(Stored data entries)
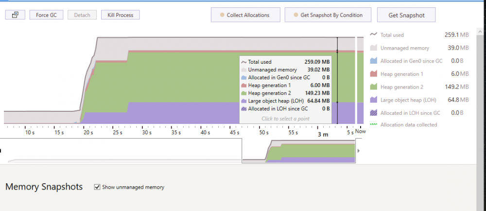 凭空想象这些概念多少会索然无味,下图是我我基于本地的一个程序生成的内存快照,使用jetbrains推出的 dotMemory 工具生成。
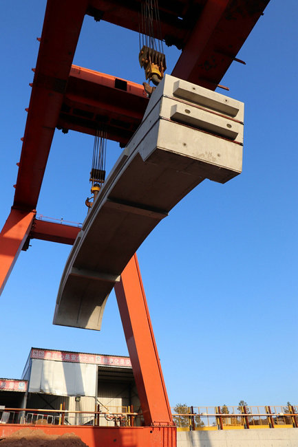 最后一塊混凝土預(yù)制件在吊裝中
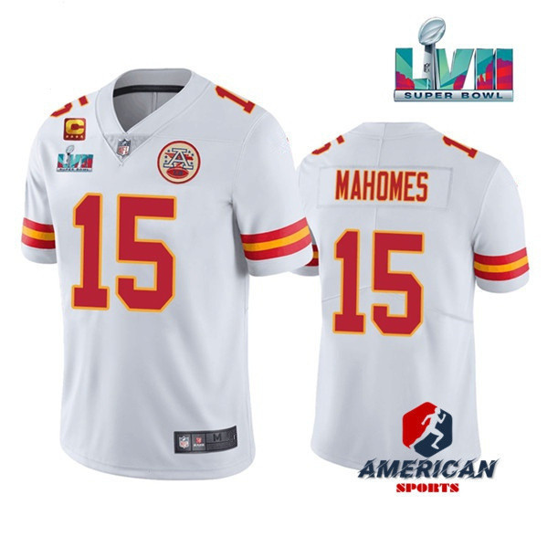 Camiseta Masculina 2023NFL Kansas City Chiefs Patrick Mahomes Branca Super Bowl LVII Limitada Camisa De Futebol Americana Jersey
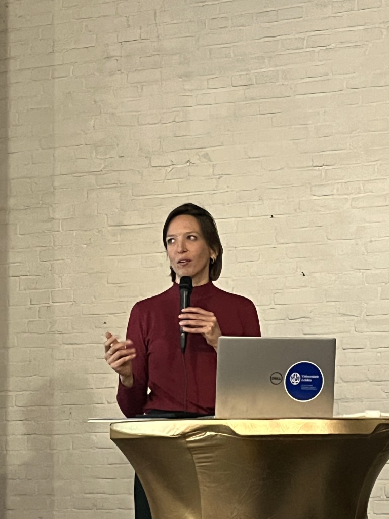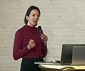 Als eerste spreekt Inge van den Berg, ontwerper openbare ruimte, landschap en werkzaam bij de Gemeente Leiden. Een van de projecten waar zij zich mee bezig houdt is het Singelpark.
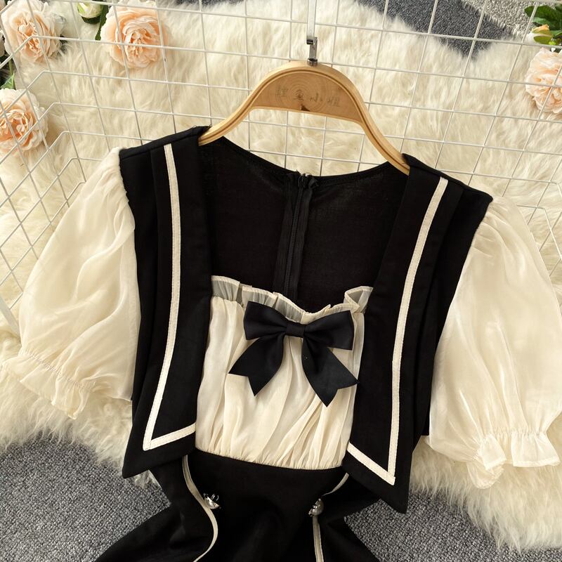 2022 spring and summer new design sense Hepburn little black dress stitched with navy bow knot slim A-line dress trend ブラック リボン スプリング 春物 サマー 夏物 Aライン スリム ステッチ lyxaj9717080815
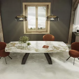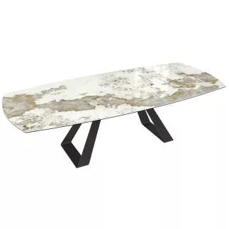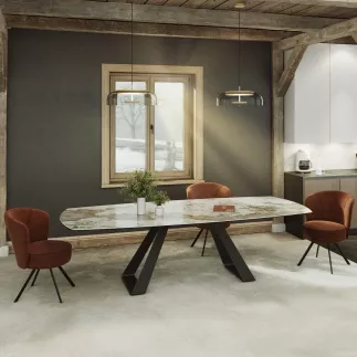 Michigan, une nouvelle table de repas extensible. Pratique, elle est dotée de deux rallonges latérales de 40 cm. Ce modèle vous permet de passer d’une surface de plateau de 1,90 x 1,20 m à une surface de 2,70 x 1,20 m. Accueillez 6 à 8 personnes lorsque les rallonges sont fermées et 10 à 12 personnes lorsque les rallonges sont ouvertes. Son plateau est conçu en céramique de 6 mm collée sur un verre de 8 mm. Son piétement évasé en forme de triangle, est conçu en acier laqué noir mat, il assure une excellente stabilité.

Required work:
Your task is to set down the records shown above exactly, minus any pictures.

Answer box:
 凭空想象这些概念多少会索然无味,下图是我我基于本地的一个程序生成的内存快照,使用jetbrains推出的 dotMemory 工具生成。
 最后一塊混凝土預(yù)制件在吊裝中
 Camiseta Masculina 2023NFL Kansas City Chiefs Patrick Mahomes Branca Super Bowl LVII Limitada Camisa De Futebol Americana Jersey
 Als eerste spreekt Inge van den Berg, ontwerper openbare ruimte, landschap en werkzaam bij de Gemeente Leiden. Een van de projecten waar zij zich mee bezig houdt is het Singelpark.
 2022 spring and summer new design sense Hepburn little black dress stitched with navy bow knot slim A-line dress trend ブラック リボン スプリング 春物 サマー 夏物 Aライン スリム ステッチ lyxaj9717080815
 Michigan, une nouvelle table de repas extensible. Pratique, elle est dotée de deux rallonges latérales de 40 cm. Ce modèle vous permet de passer d’une surface de plateau de 1,90 x 1,20 m à une surface de 2,70 x 1,20 m. Accueillez 6 à 8 personnes lorsque les rallonges sont fermées et 10 à 12 personnes lorsque les rallonges sont ouvertes. Son plateau est conçu en céramique de 6 mm collée sur un verre de 8 mm. Son piétement évasé en forme de triangle, est conçu en acier laqué noir mat, il assure une excellente stabilité.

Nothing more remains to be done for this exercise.